Okay, so here’s the situation:

You’ve got your beat mixed perfectly. Everything is sitting nice but.. now you have to work on the vocals!

Oh no! – Cause every time you do, this is when your mixes fall apart!

Well.. Look no further. I want to cover the following vocal tricks in this tutorial:

  • Compression to keep all the vocal’s words audible
  • Layering a second vocal recording to fill up extra frequencies
  • Grouping audio into Sub Groups for easier control
  • Parallel Vocal Processing with Compression for thickness – Distortion comes later in video!

I will say this again and again – You won’t get away from layering and parallel processing in audio production! It is a tool to professionally enhance your productions!

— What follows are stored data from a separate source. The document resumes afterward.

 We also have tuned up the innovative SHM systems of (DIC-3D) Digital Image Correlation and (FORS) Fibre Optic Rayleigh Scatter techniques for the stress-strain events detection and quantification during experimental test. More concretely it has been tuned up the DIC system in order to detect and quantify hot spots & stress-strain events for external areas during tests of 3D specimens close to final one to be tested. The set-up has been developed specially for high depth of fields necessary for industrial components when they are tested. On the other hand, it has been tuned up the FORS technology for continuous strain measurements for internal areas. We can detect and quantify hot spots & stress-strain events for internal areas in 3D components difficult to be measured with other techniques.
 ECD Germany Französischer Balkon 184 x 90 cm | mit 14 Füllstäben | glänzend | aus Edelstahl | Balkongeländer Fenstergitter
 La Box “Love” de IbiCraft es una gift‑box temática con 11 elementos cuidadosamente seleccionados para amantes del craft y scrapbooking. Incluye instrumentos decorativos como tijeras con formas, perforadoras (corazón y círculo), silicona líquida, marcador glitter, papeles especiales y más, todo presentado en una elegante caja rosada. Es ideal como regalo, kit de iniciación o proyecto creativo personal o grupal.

In the beginning of parallel processing, it’s mostly the routing that’s difficult! – You’ll eventually get it! 🙂

Also keep in mind about De-Essing when working with vocals!

So here’s the video for those who don’t like to read!:

And for those who like to read, let’s get started!

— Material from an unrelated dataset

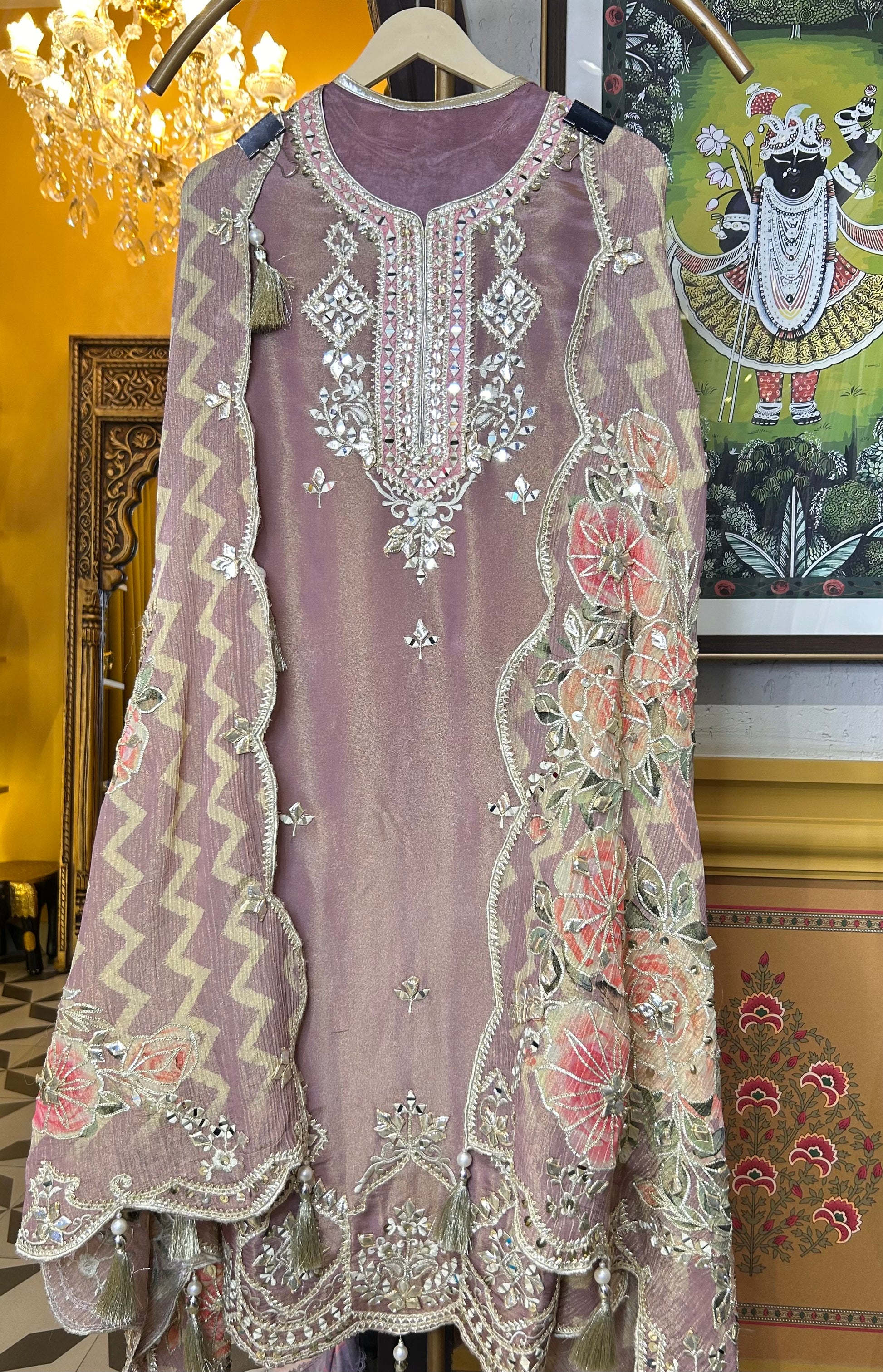 • Shimmer Organza Shirt with Gota & Real Mirror Work – 2.5 meters

Your microphone choice has a big impact on how your recording will sound. Different microphones suit different voices.. but you can view microphones I’ve personally used and my thoughts on them..

Compression on Vocals

Compression is a very hard tool to learn. Even with my years of experience, I still struggle on how much is enough compression. But however tricky compression is, you have to learn it to become better at mixing.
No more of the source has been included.